L'ADMD souhaite donc l'évolution de la loi actuelle, mais aussi une amélioration sur notre territoire des soins palliatifs : "On aimerait que les citoyens français aient le choix de leur fin de vie. Pour l’instant, ils ne l’ont pas, à part les soins palliatifs. Nous souhaitons qu’il y ait plus de places dans ces services, il y a 26 départements qui n’ont toujours pas d’unités de soins palliatifs. On aimerait qu’il y ait davantage de formation auprès des soignants, qui ne sont pas suffisamment formés autour du sujet de la fin de vie."

L'ADMD souhaite s'inspirer du modèle de la loi belge : "Lorsque des patients demandent l’euthanasie ou le suicide assisté, les différentes unités travaillent ensemble. Les soins palliatifs ne sont pas opposés à ce genre de demande."

"Il y a des gens qui anticipent, et qui veulent mourir des mois ou des années avant, pour ne pas avoir à vivre ce que leur proche a vécu."

Elisabeth Duclut

présidente de l'ADMD Côte-d'Or

Le développement des soins palliatifs est un souhait partagé aussi par les opposants à une évolution législative. "Il faut qu’on développe au maximum la formation des médecins sur la douleur, qu’on développe au maximum les soins palliatifs partout, qu’on développe l’accompagnement, le soin à domicile", estime Dominique Barrière, de l'association "Jusqu'à la mort, accompagner la vie".

La fin de vie, un sujet encore tabou en France

Dans un sondage IFOP réalisé pour l'ADMD en février 2022, 94% des Français approuvent le recours à l’euthanasie (93% en avril 2021) et 89% des Français sont favorables à l’autorisation du suicide assisté (89% en avril 2021). Alors que la mort reste un tabou, 59% des Français ne se sentent pas concernés par le sujet de la fin de vie (sondage BVA octobre 2022)

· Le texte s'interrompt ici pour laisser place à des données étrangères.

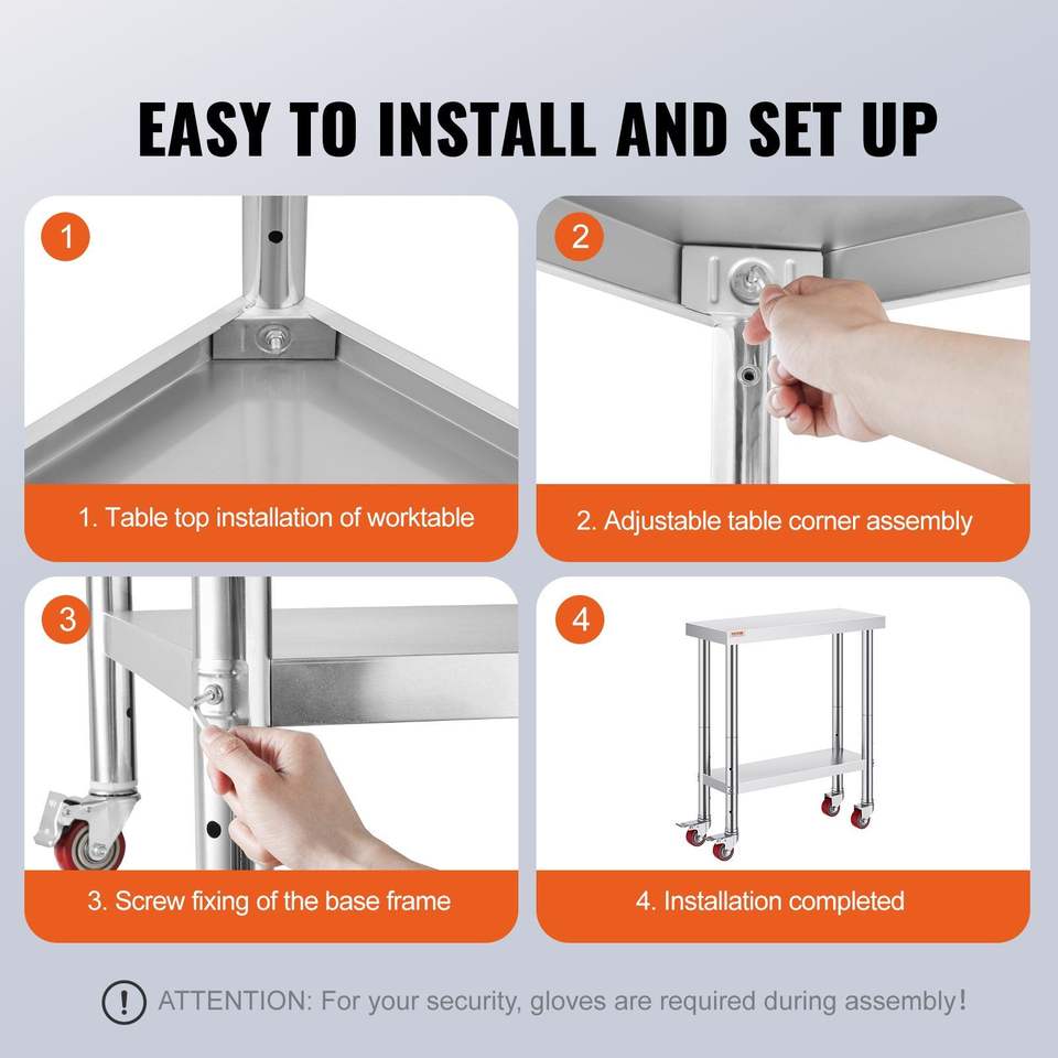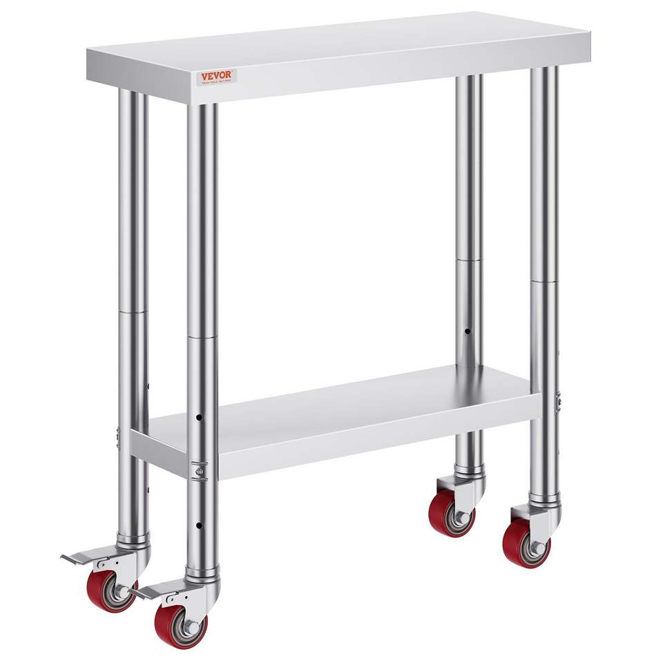 Tavolo da Lavoro in Acciaio Inox per Cucina Commerciale, Capacità di Carico 700 LBS, 30 X 12 X 34 Pollici, 4 Ruote, 3 Regolazioni

Elisabeth Duclut, de l'ADMD, compare la loi à nos voisins européens : "Les premiers pays qui ont légalisé le droit de mourir dans la dignité, ce sont les Pays-Bas, ensuite la Belgique, ensuite la Suisse."

"Cette nouvelle loi n’enlèverait rien à personne, elle n’imposerait rien à personne, dans le sens où les médecins auraient la clause de confiance : si leurs convictions personnelles ne sont pas en accord avec la nouvelle loi, ils peuvent se retirer comme dans la loi pour l’IVG."

Elisabeth Duclut

présidente de l'ADMD

"Depuis 2002 en Belgique, où la loi permet aux médecins d’aider quelqu’un à mourir, il n’y a eu aucun procès, ce qui prouve que la loi marche", argumente Elisabeth Duclut.

Ce que souhaite l'association, c'est que "les Français aient le choix", mais pour cela, "il faut que les mentalités évoluent, du côté des les lobbys religieux et de l’ordre des médecins. On estime que les religieux ont leur mot à dire, mais qu’ils n’ont pas à imposer dans un pays laïc leur vision des choses." 

D'autres histoires médiatisées ces dernières années

Après Chantal Sébire, d'autres Français ont cristallisé ce débat sur la fin de vie. Il y a eu le cas, très médiatisé, de Vincent Lambert, qui s'est éteint en 2019 après avoir passé 11 ans dans un état végétatif.

Plus récemment, le Dijonnais Alain Cocq avait réclamé à mourir : malade depuis plus de 30 ans, il souffrait trop et considérait que sa vie n’était plus digne. Il avait écrit une lettre au président de la République et multiplié les vidéos pour demander à mourir. C'est en procédant à un suicide assisté qu'il avait mis fin à ses jours à Berne en Suisse, le 15 juin 2021.